Os Estados Unidos enviaram navios de combate, destróieres da Marinha, aeronaves, helicópteros, cortadores da guarda costeira e aeronaves de vigilância da Força Aérea dos EUA para o mar do Caribe e sobre o mar – próximo ou nas proximidades da Venezuela.
O governo Trump afirmou que este é um esforço para combater o tráfico de drogas para os Estados Unidos, mas é fácil deduzir que os Estados Unidos têm algo mais na manga. Em 2019, a tentativa dos Estados Unidos de invadir a Venezuela e prender Maduro ficou frustrada depois que o Brasil se recusou a permitir que tropas americanas entrassem no estado de Roraima.
Além disso, vários aliados dos EUA haviam sinalizado falta de vontade de entrar em uma guerra contra a Venezuela.
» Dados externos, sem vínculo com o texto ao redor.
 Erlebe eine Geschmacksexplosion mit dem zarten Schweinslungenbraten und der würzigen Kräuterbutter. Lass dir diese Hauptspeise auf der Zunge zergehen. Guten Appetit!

Os Estados Unidos chegaram a tentar invocar o Tratado do Rio assinado com a Organização dos Estados Americanos. O Tratado do Rio, assinado em 1948, é uma aliança militar que afirma que um ataque contra um estado membro é um ataque contra todos e exige reciprocidade militar de todos os estados no caso de um estado ser atacado. Nesse contexto, os Estados Unidos enviaram tropas para a fronteira com a Colômbia, em um esforço para aumentar as tensões com a Venezuela. Maduro respondeu enviando tropas, tanques e lança-foguetes para a fronteira com a Colômbia.
Esse confronto não passou da fase de uma guerra fria. Todos prenderam a respiração sabendo que qualquer troca de tiros entre a Venezuela e a Colômbia se transformaria rapidamente em uma guerra total entre os dois países – invocando o Tratado do Rio e forçando outras nações a se unirem aos Estados Unidos para derrubar Maduro. Mas a Colômbia e a Venezuela são países irmãos – eles não são apenas geograficamente próximos, mas também compartilham fortes laços fraternos. De fato, a Colômbia permitiu a passagem de milhões de refugiados venezuelanos.
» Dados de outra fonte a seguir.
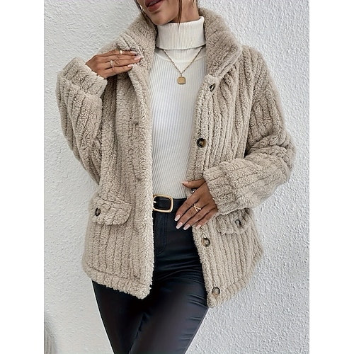 Per donna Cappotto Invernale Giacca Sherpa Confortevole Traspirante Tasca Bottoni Casual Semplice Vacanza Streetwear Casuale Abbigliamento quotidiano Monopetto Regolare Collo ripiegato Vestibilit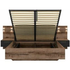 Luxury Euro King Size Bed Frame with LED Lights USB Ports Bedside Cabinets Lift Up Ottoman Storage in Oak Black Finish – Premium Bedroom Furniture Kassel

Quando Maduro enviou tropas para a fronteira com a Colômbia – quase todos os venezuelanos estavam confiantes de que isso nunca se tornaria um conflito real por causa dos laços de amizade existentes entre os dois países. No entanto, o presidente colombiano, Ivan Duque, expressou repetidamente seu desgosto por Maduro – que por sua vez acusou o presidente colombiano de conspirar com os Estados Unidos para invadir a Venezuela. Ivan Duque chamou Nicolas Maduro de “louco” e “ameaça a toda a região”.
Todas as outras opções para atacar a Venezuela fracassaram, o governo Trump levantou novas acusações contra Maduro, acusando-o de narcoterrorismo, de canalizar drogas para os Estados Unidos e, assim, destruir a vida dos americanos. Alguns dias após as acusações, os Estados Unidos enviaram navios de guerra para o quintal da Venezuela. É uma indicação clara de que os Estados Unidos estão mais uma vez preparando o terreno para uma invasão militar.
Mas a pergunta aqui é: “será bem sucedido?” Se abstraímos das ações dos Estados Unidos no Iraque – em 2003, na guerra para prender Saddam Hussain, é fácil ver que, quando os Estados Unidos estão empenhados em fazer alguma coisa, eles fazem independentemente do que o mundo pensa. E os Estados Unidos com certeza parecem inclinados a remover Maduro do poder.
A outra pergunta é: como a Rússia, a China e o Irã reagirão a isso? E quais serão as consequências?